=== Section Start ===

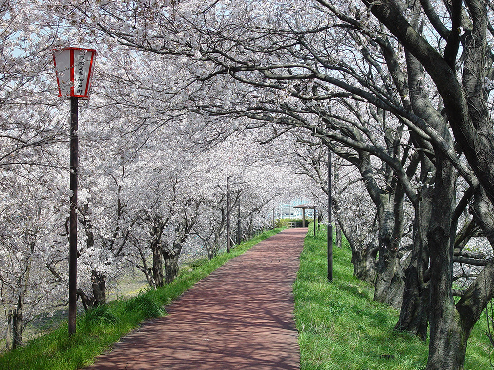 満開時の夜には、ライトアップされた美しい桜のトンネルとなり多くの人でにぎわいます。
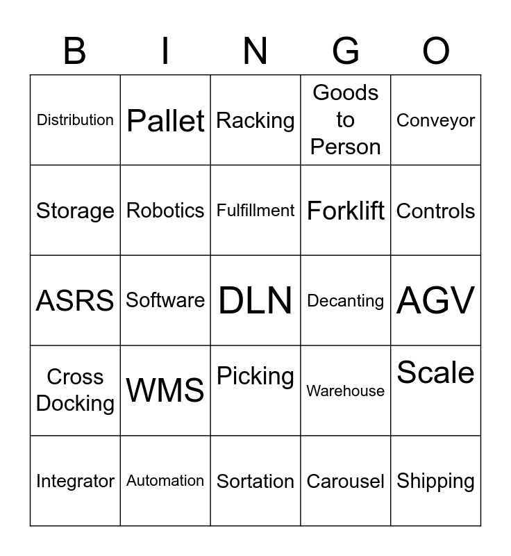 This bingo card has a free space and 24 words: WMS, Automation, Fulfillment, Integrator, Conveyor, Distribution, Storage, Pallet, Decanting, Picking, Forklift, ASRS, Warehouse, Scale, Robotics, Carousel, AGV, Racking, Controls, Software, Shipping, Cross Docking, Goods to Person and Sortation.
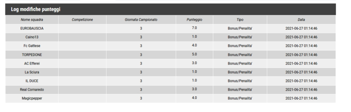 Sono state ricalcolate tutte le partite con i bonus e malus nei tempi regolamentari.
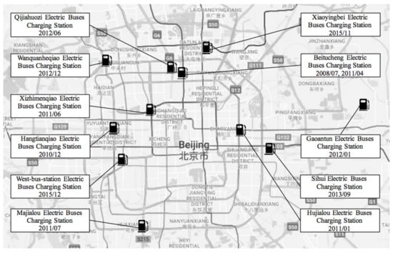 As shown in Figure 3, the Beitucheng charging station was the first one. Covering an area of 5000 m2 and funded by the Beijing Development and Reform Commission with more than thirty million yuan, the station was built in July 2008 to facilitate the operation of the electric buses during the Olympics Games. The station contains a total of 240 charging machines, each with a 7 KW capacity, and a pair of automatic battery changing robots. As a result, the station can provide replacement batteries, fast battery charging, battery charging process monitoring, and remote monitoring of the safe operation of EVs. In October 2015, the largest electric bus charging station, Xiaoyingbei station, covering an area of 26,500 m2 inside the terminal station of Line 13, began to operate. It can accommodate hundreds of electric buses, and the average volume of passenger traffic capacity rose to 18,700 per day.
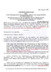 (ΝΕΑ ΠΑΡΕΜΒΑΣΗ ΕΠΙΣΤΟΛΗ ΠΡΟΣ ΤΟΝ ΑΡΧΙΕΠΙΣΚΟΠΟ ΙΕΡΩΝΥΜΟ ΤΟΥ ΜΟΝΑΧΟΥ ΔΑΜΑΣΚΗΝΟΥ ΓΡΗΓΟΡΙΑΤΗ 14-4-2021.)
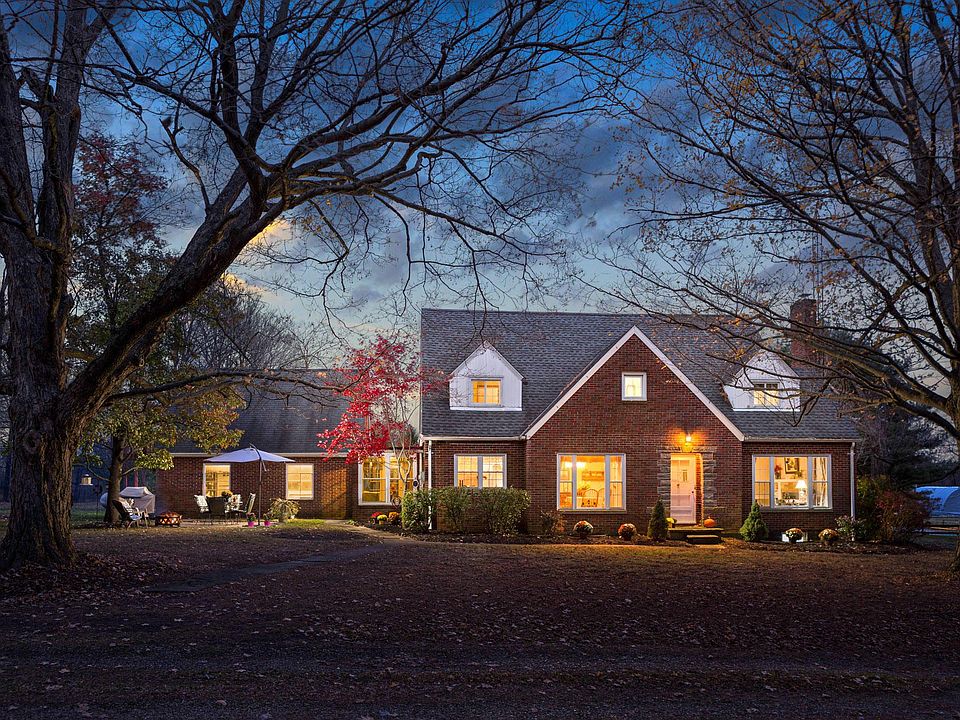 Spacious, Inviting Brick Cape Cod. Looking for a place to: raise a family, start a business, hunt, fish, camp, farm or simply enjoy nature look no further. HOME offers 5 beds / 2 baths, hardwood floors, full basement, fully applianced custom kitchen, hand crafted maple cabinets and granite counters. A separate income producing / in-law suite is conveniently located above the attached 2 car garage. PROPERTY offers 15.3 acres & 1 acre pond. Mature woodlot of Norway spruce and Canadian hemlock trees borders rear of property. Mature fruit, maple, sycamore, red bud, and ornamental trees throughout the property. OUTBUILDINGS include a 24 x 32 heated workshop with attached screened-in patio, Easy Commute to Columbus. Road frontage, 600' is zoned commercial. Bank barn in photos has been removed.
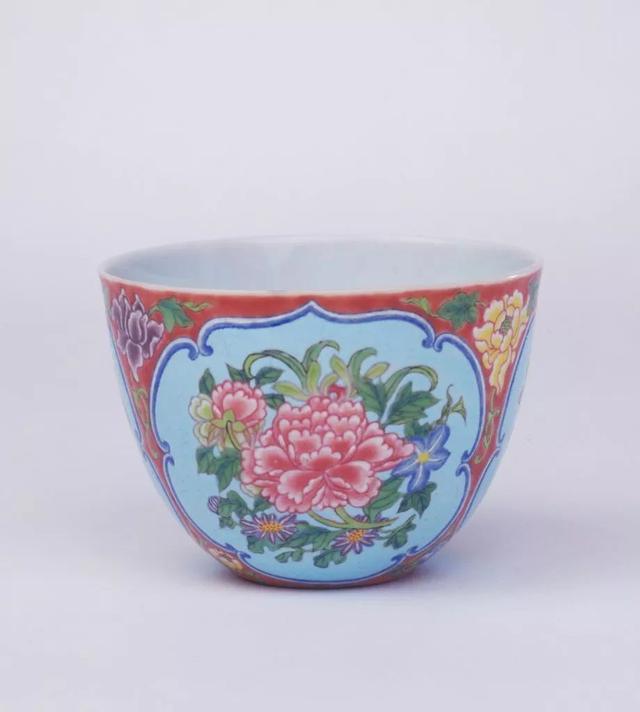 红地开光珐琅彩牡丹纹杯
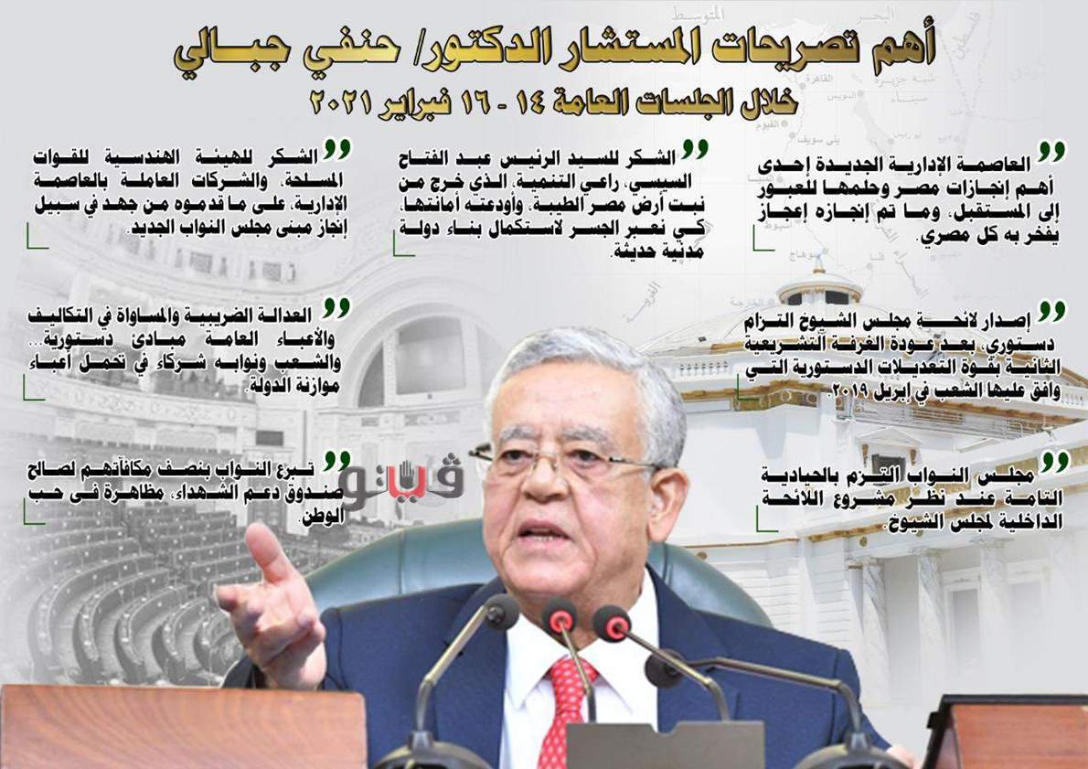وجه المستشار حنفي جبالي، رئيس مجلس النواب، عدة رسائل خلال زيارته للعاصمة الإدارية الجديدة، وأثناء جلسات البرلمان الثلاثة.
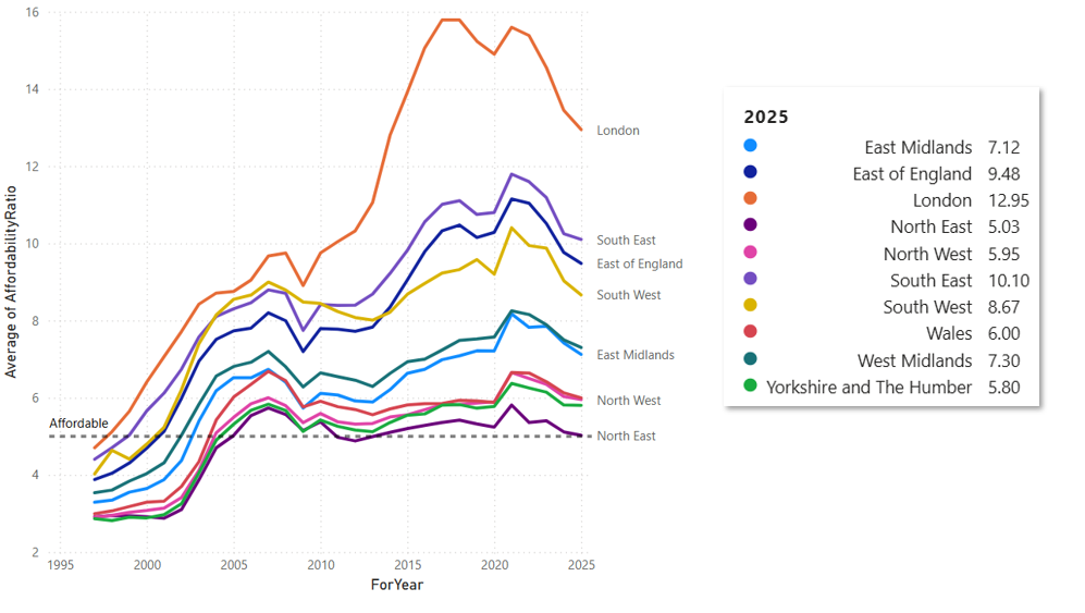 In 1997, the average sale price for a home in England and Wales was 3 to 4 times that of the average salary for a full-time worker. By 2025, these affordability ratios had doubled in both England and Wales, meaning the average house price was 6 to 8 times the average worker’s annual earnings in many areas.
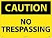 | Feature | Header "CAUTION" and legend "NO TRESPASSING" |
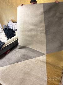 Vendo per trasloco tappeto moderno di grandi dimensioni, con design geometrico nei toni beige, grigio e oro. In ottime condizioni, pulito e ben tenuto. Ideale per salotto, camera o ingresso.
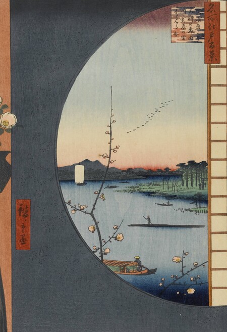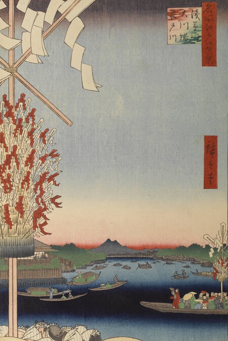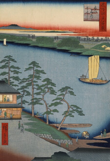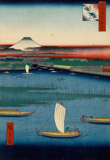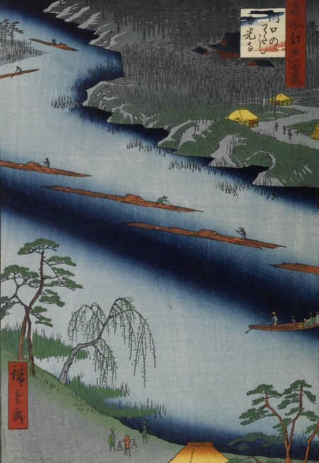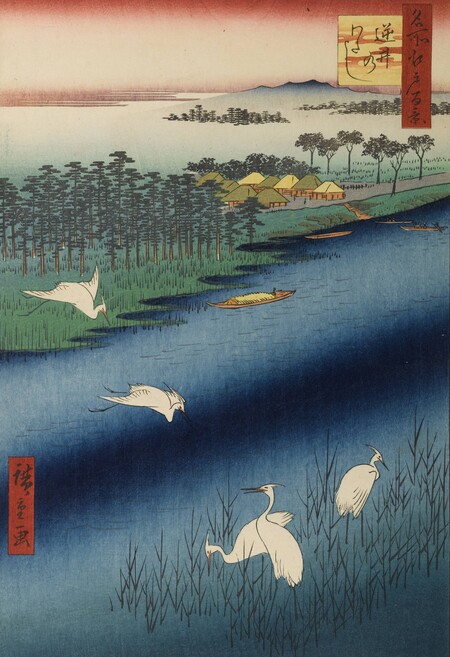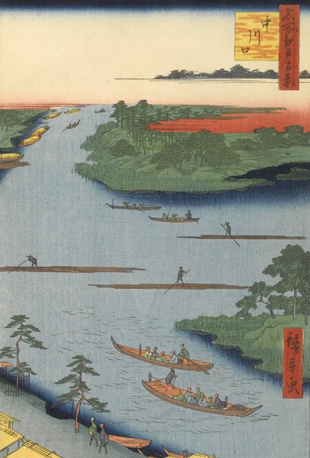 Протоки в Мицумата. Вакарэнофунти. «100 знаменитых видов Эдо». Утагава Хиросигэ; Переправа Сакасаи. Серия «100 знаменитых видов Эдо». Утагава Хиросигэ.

=== Section End ===

** What is needed **
Each entry, start to finish, goes into your copy exactly; the pictures stay out.

** Solution to the problem **
 満開時の夜には、ライトアップされた美しい桜のトンネルとなり多くの人でにぎわいます。
 This bingo card has a free space and 24 words: WMS, Automation, Fulfillment, Integrator, Conveyor, Distribution, Storage, Pallet, Decanting, Picking, Forklift, ASRS, Warehouse, Scale, Robotics, Carousel, AGV, Racking, Controls, Software, Shipping, Cross Docking, Goods to Person and Sortation.
 Sono state ricalcolate tutte le partite con i bonus e malus nei tempi regolamentari.
 As shown in Figure 3, the Beitucheng charging station was the first one. Covering an area of 5000 m2 and funded by the Beijing Development and Reform Commission with more than thirty million yuan, the station was built in July 2008 to facilitate the operation of the electric buses during the Olympics Games. The station contains a total of 240 charging machines, each with a 7 KW capacity, and a pair of automatic battery changing robots. As a result, the station can provide replacement batteries, fast battery charging, battery charging process monitoring, and remote monitoring of the safe operation of EVs. In October 2015, the largest electric bus charging station, Xiaoyingbei station, covering an area of 26,500 m2 inside the terminal station of Line 13, began to operate. It can accommodate hundreds of electric buses, and the average volume of passenger traffic capacity rose to 18,700 per day.
 (ΝΕΑ ΠΑΡΕΜΒΑΣΗ ΕΠΙΣΤΟΛΗ ΠΡΟΣ ΤΟΝ ΑΡΧΙΕΠΙΣΚΟΠΟ ΙΕΡΩΝΥΜΟ ΤΟΥ ΜΟΝΑΧΟΥ ΔΑΜΑΣΚΗΝΟΥ ΓΡΗΓΟΡΙΑΤΗ 14-4-2021.)
 Spacious, Inviting Brick Cape Cod. Looking for a place to: raise a family, start a business, hunt, fish, camp, farm or simply enjoy nature look no further. HOME offers 5 beds / 2 baths, hardwood floors, full basement, fully applianced custom kitchen, hand crafted maple cabinets and granite counters. A separate income producing / in-law suite is conveniently located above the attached 2 car garage. PROPERTY offers 15.3 acres & 1 acre pond. Mature woodlot of Norway spruce and Canadian hemlock trees borders rear of property. Mature fruit, maple, sycamore, red bud, and ornamental trees throughout the property. OUTBUILDINGS include a 24 x 32 heated workshop with attached screened-in patio, Easy Commute to Columbus. Road frontage, 600' is zoned commercial. Bank barn in photos has been removed.
 红地开光珐琅彩牡丹纹杯
وجه المستشار حنفي جبالي، رئيس مجلس النواب، عدة رسائل خلال زيارته للعاصمة الإدارية الجديدة، وأثناء جلسات البرلمان الثلاثة.
 In 1997, the average sale price for a home in England and Wales was 3 to 4 times that of the average salary for a full-time worker. By 2025, these affordability ratios had doubled in both England and Wales, meaning the average house price was 6 to 8 times the average worker’s annual earnings in many areas.
 | Feature | Header "CAUTION" and legend "NO TRESPASSING" |
 Vendo per trasloco tappeto moderno di grandi dimensioni, con design geometrico nei toni beige, grigio e oro. In ottime condizioni, pulito e ben tenuto. Ideale per salotto, camera o ingresso.
 Протоки в Мицумата. Вакарэнофунти. «100 знаменитых видов Эдо». Утагава Хиросигэ; Переправа Сакасаи. Серия «100 знаменитых видов Эдо». Утагава Хиросигэ.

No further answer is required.